Venard v. Department of Corrections

72 P.3d 446, 2003 Colo. App. LEXIS 705, 2003 WL 21026717
CourtColorado Court of Appeals
DecidedMay 8, 2003
DocketNo. 01CA2065
StatusPublished
Cited by5 cases

This text of 72 P.3d 446 (Venard v. Department of Corrections) is published on Counsel Stack Legal Research, covering Colorado Court of Appeals primary law. Counsel Stack provides free access to over 12 million legal documents including statutes, case law, regulations, and constitutions.

Bluebook
Venard v. Department of Corrections, 72 P.3d 446, 2003 Colo. App. LEXIS 705, 2003 WL 21026717 (Colo. Ct. App. 2003).

Opinion

Opinion by

Chief Judge DAVIDSON.

Pursuant to § 24-50-125.4(8), C.R.S.2002, complainant, Perry Venard, appeals from the order of the Colorado State Personnel Board upholding his termination from employment. We vacate the order and remand for further proceedings.

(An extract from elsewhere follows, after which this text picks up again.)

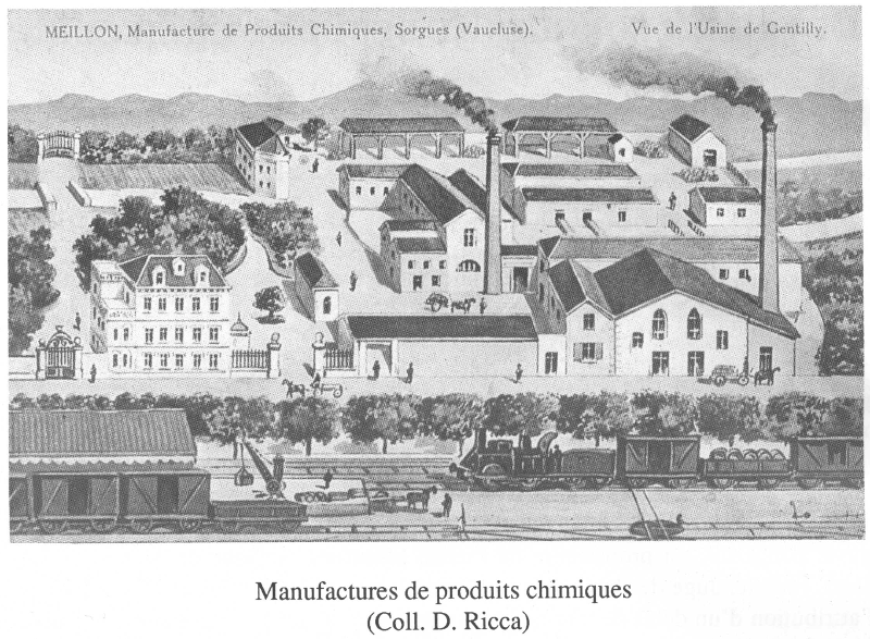 La Compagnie Générale des Produits Chimiques du Midi (C.G.P.C.M.) propriétaire de l'usine de Rassuen (Bouches-du-Rhône) acquiert, en 1886, celle du Griffon. Ensemble elles produisent du carbonate de soude destiné, en majeure partie, aux savonniers marseillais. La C.G.P.C.M. a été fondée par Félix Chrysostome GARDAIR. Son arrière-petit-fils, André ROUSSIN, vaudevilliste célèbre, conte, dans un livre de souvenirs "La Boîte à Couleurs", sa visite en 1920 de l'usine de Rassuen sous la direction du Grand'Père : "Puis le Grand Chef m'amena visiter l'usine. J'entrai dans le monde du soufre, du chlore, des alcalis, du nitrate. Je passai du laboratoire et de ses centaines de cornues à la salle des cuves d'acide sulfurique, une cave aux énormes bonbonnes. Je suivis la fabrication de l'acide sulfurique, expliquée par un chimiste, c'est-à-dire que je ne compris rien, entendant passer des mots, des formules qui me semblaient chinoises. J'écoutais moins que je ne regardais et je regardais les murs couverts d'une poudre jaunâtre, les machines, les fours. Je regardais les hommes qui travaillaient dans cette saleté, dans ces odeurs ammoniacales, dans cette chaleur, cette pénonbre, le bruit. Ils allaient, venaient, tournaient machinalement. Moi je suivais le guide ; le tour fini nous regagnâmes l'air pur. (18)." Félix GOUIN, toujours de RASSUEN, vers 1935 la décrit ainsi : "Des hommes musclés, à moitié nus, éclairés par l'enfer du four à réverbère brassent d'abord, attelés à deux à l'énorme râble, la masse de soude pâteuse étalée sur la sole puis, quand la chaleur du foyer a terminé les réactions nécessaires, la font couler en fleuve de feu dans le moule de tôle. Celui-ci rempli, deux "démons" s'y attellent et le mènent près des moules où la cuite précédente continue à dégager mille petites flammèches. Un second moule est encore rempli et conduit près du premier : la cuite est tirée. Cependant, sur d'autres moules un peu refroidis à la surface desquels errent encore, incertains, quelques rares feux follets, des pot-au-feu mijotent, des côtelettes se grillent ; autour d'une table, aux moments de pause, quand le travail du four le permet, on mange, on boit, on parle, on chante. Et toujours le bruit sourd et saccadé de la broyeuse de calcaire, toujours le grincement des grues et des chariots ! Les ouvriers se protégeaient du mieux possible des vapeurs acides par des chiffons ou des éponges mouillées qu'ils attachaient sur leur bouche ; au cours de la fabrication de l'acide sulfurique dans les chambres de gaz de plomb, il se dégageait beaucoup de gaz acide sulfureux et des vapeurs nitreuses rouges : quand les vapeurs suffoquent tellement les ouvriers qu'ils ne peuvent point approcher des portes, ils disent que "la chambre est dure" ; ils disent au contraire qu'elle est bonne ou "douce" lorsqu'on ne voit sortir que des vapeurs rouges qui ne les empêchent pas de travailler.» (19).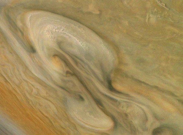 На изображении показана северная полярная область газового гиганта. «Юнона» смогла запечатлеть мощнейший шторм, который формирует причудливые фигуры в атмосфере планеты.

Complainant's employment was terminated by the Colorado Department of Corrections (DOC) following the escape of three inmates from the Arkansas Valley Correctional Facility (AVCF). Complainant was hired by the DOC as a Correctional Support Supervisor II at the AVCF, where he supervised an inmate work crew. Complainant was in charge of the tools used at the facility and was responsible for marking and inventorying new tools, including Class A tools which could be used as a weapon or in an escape.

[448]*448In February 1998, complainant received and inventoried fifteen new lineman pliers, which were classified as Class A tools. Complainant kept twelve of the lineman pliers in his desk drawer and put the remaining three in the tool locker located in the men's bathroom. The computer inventory showed that all fifteen of the pliers were located in the tool locker.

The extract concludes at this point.